Non, pas du tout ! Nous voulons au contraire les ” challenger ” pour qu’ils soient meilleurs, parce qu’ils doivent faire face actuellement à des problématiques telles les mesures d’audience, la sécurité de marque, etc. Notre rôle est aussi de les aider à s’améliorer.

Les ” adblockers ” ou bloqueurs de pub représentent aussi une autre grande menace pour l’industrie publicitaire. Que pouvez-vous faire contre ce fléau qui ne cesse de s’étendre ?

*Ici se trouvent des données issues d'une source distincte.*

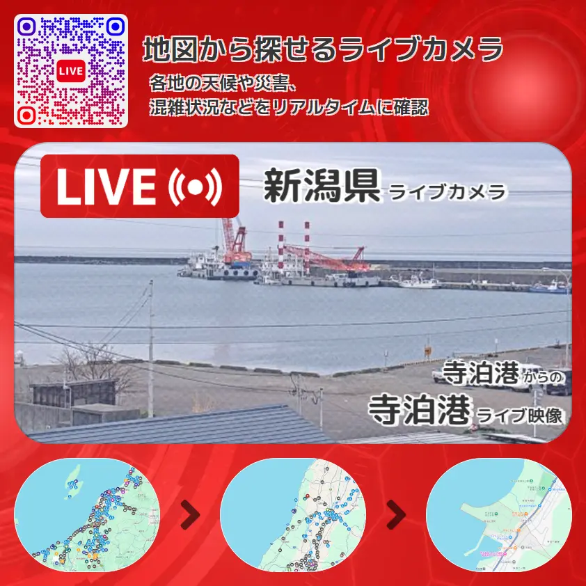 寺泊港の他に、日本海や周辺の気象状況も併せてチェックすることが可能で、台風・大雨・地震などの災害による被害状況も把握することができます。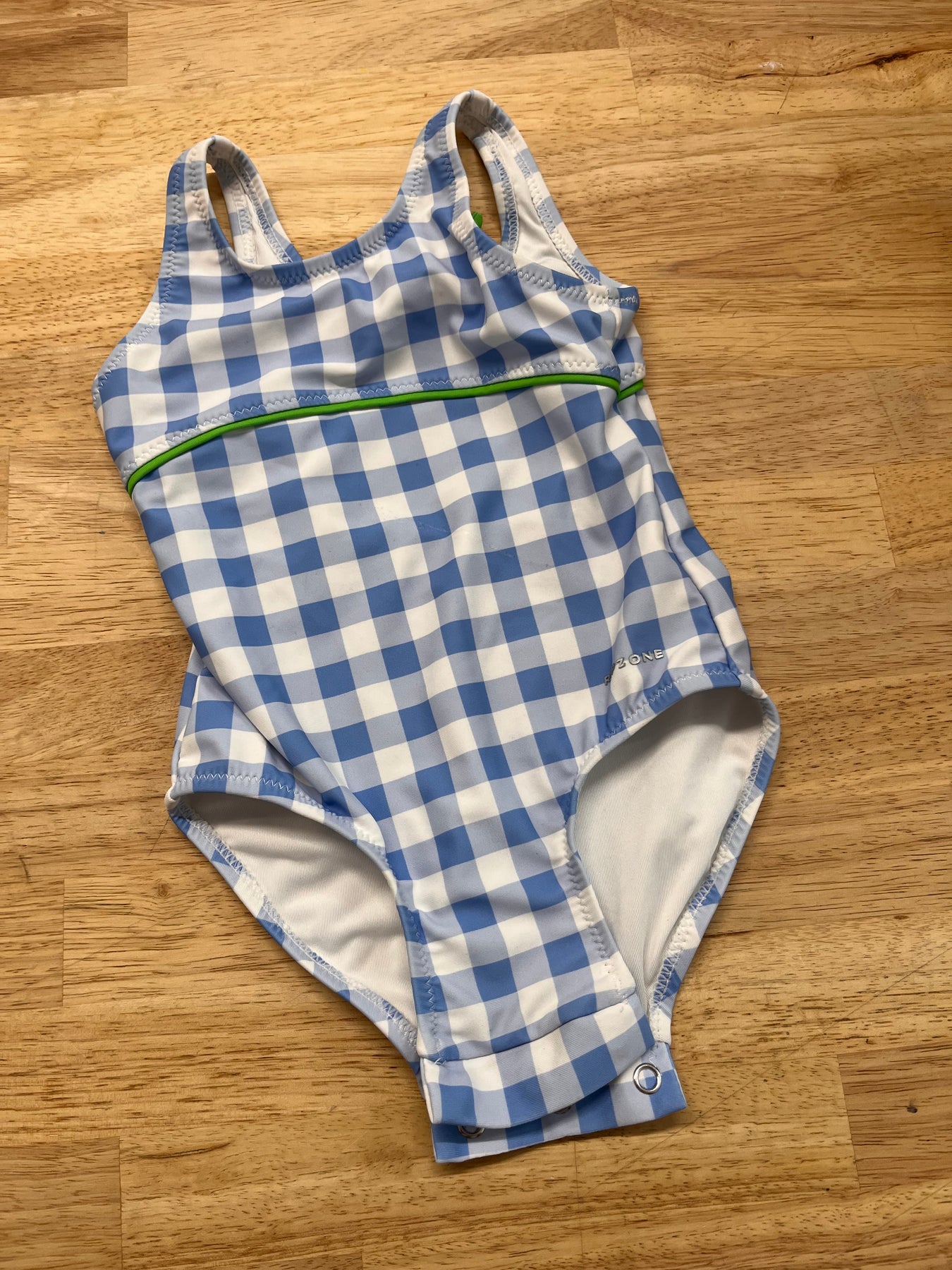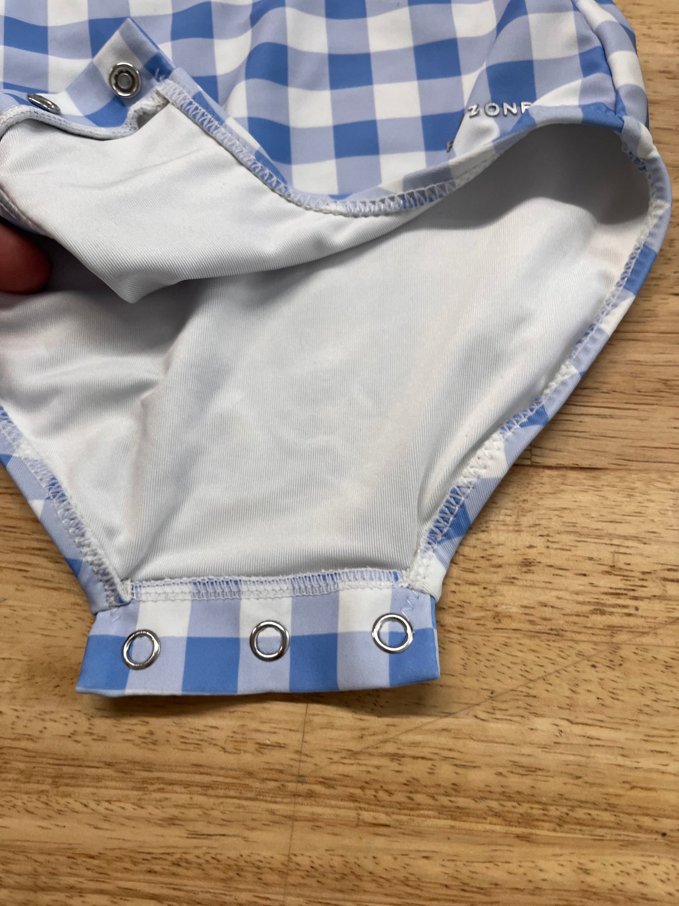 Ripzone one-piece swimsuit in gingham plaid print with snap crotch. Size 12–18 months. Good used condition.

C’est une problématique tout aussi intéressante. Pour moi, si vous êtes un consommateur et que vous ne voulez pas de pub, il n’y a pas de raison particulière de vouloir un adblocker. Car vous pourrez la bloquer sur un support, bien sûr, mais elle finira toujours par s’imposer à vous dans la rue, à la radio ou sur un autre support. La vraie question, c’est plutôt de proposer aux gens une publicité pertinente. On en revient à ce que je disais précédemment sur les données et la créativité. Aujourd’hui, le plus grand défi pour une marque, c’est de proposer du contenu de qualité qui parle aux consommateurs. Bref, notre job pour lutter contre les adblockers, c’est tout simplement de produire des publicités de meilleure qualité dans lesquelles les gens verront de la valeur et le bouche-à- oreille fera le reste. Si on vous donne un message pertinent, qui vous convient, ce n’est plus de la publicité, c’est du contenu.

La pub doit devenir un service ?

Oui, c’est un mot très important. Historiquement, si on prend le vieux modèle de la publicité, il s’agit de marques qui parlent aux consommateurs quand elles souhaitent faire passer un message. Aujourd’hui, les consommateurs veulent que les marques leur parlent quand ils le souhaitent. Et si elles ne répondent pas assez vite, ils passent à autre chose. La substitution est devenue tellement facile. On vit dans un monde de substitution infinie. Vous n’avez pas ce que vous voulez, vous n’attendez pas et vous allez le chercher ailleurs, chez un concurrent. Aujourd’hui, les marques doivent être terriblement réactives et terriblement efficaces. Elles doivent proposer du contenu. Elles doivent proposer un service.